# Manure/Compost spreader plans ??



## Clifford B. (Nov 20, 2019)

Hey all; I've been searchin fer plans to build one with no success.
Anyone out there have a set of plans ?
I could and probably will have to scratch build it but plans take some of the guess work out of it
and any mods I may need personally are easier in the long run. 
Thanks fellas.....................


----------



## Groo (Jan 17, 2020)

probably easier to fix an old one than to build one from scatch


----------



## Clifford B. (Nov 20, 2019)

Finding one around here is an exercise in futility, and when you do find one the price is moronically high
for a unit not even worthy of the scrap yard.


----------



## Groo (Jan 17, 2020)

Manure Spreaders - mini and compact ground driven manure spreaders by CMI made in the USA.

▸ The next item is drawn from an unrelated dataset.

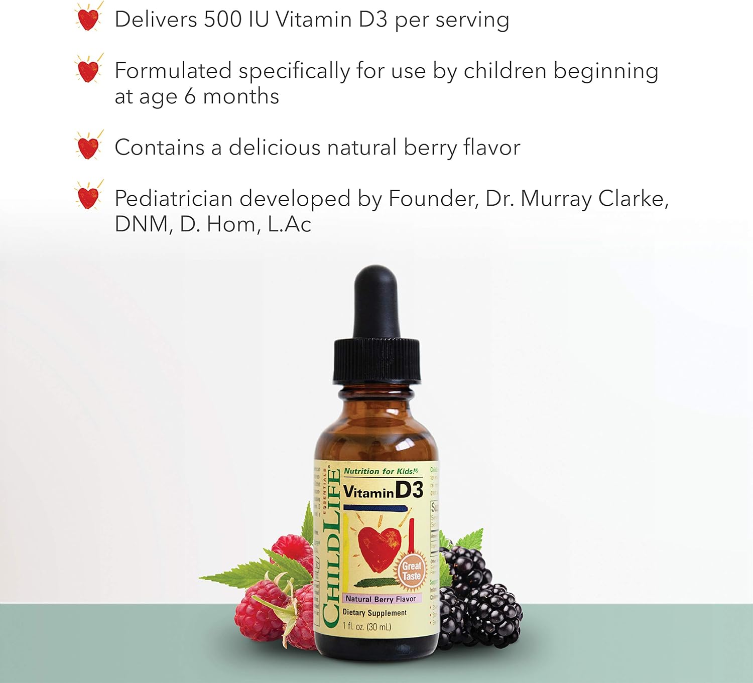 Childlife Essentials Vitamin D3, Natural Berry Flavor - Gluten Free, Alcohol Free, Casein Free - 1 Fl. Oz (Pack Of 3)

Manure spreaders factory direct. Compact manure spreaders, small ground models by CMI Horse Stalls and Equipment.



countrymanufacturing.com




looks like $3k for a small tractor sized one. I would think by the time you you one off buy things and overbuy since you are better off overbuilding a 1 off, you would probably be close to the purchase price into building one.


----------



## marc_hanna (Apr 10, 2017)

How about a standard hay wagon with a couple of young bucks with shovels?


----------



## Clifford B. (Nov 20, 2019)

Grand kids and nephews are all growed up, so that's a no go anymore.
I can damn sure build one a *lot* cheaper than buyin one.............


----------